Yeah. This is the issue with abstracting using OpenCL, CUDA, etc.

If you need absolute performance, sometimes explicit control, even if it means
using SIMD intrinsics, is better than a compiler that can't understand what
you are really trying to do. Of course the other side of the coins is it's
more work and less portable to use explicit width intrinsics.

For example, compilers don't understand memory access patterns and it's hard
to share work between execution lanes (work units).
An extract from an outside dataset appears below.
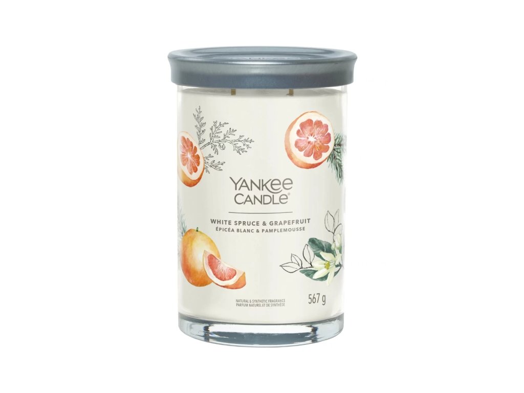 Yankee Candle Signature Tumbler White Spruce & Grapefruit 567g - Pokud hledáte svíčku, která nabídne dokonalý požitek z luxusní sladkosti, jste na správném místě. Tato Signature Tumbler svíčka je vyrobená z přírodních, ekologicky šetrných materiálů, které jsou bezpečné pro vaše zdraví i životní prostředí. S obsahem sójového vosku, svíčka nabízí čisté hoření a vytváří méně sazí. Hladká směs se sójovým voskem a dvěmi knoty vytvoří jezírko velmi rychle, takže ji lze pálit kratší dobu.

Think of an algorithm that processes images in rectangular blocks. Each block
needs also rightmost column of pixels from the block on the left. I know
swizzling performed by the cache/memory controller would make this example
less worse, but humor me. I'm trying to make a generic point, not just about
spatial image processing.

If the order of execution is suitable, the code that computes first block
could set the registers ready to transfer rightmost column of pixels for the
next block on right.

So you knowing and controlling the processing order could get this single
column of pixels from left of block from registers (set by previous processing
of left side block), otherwise just issue one memory read for current block.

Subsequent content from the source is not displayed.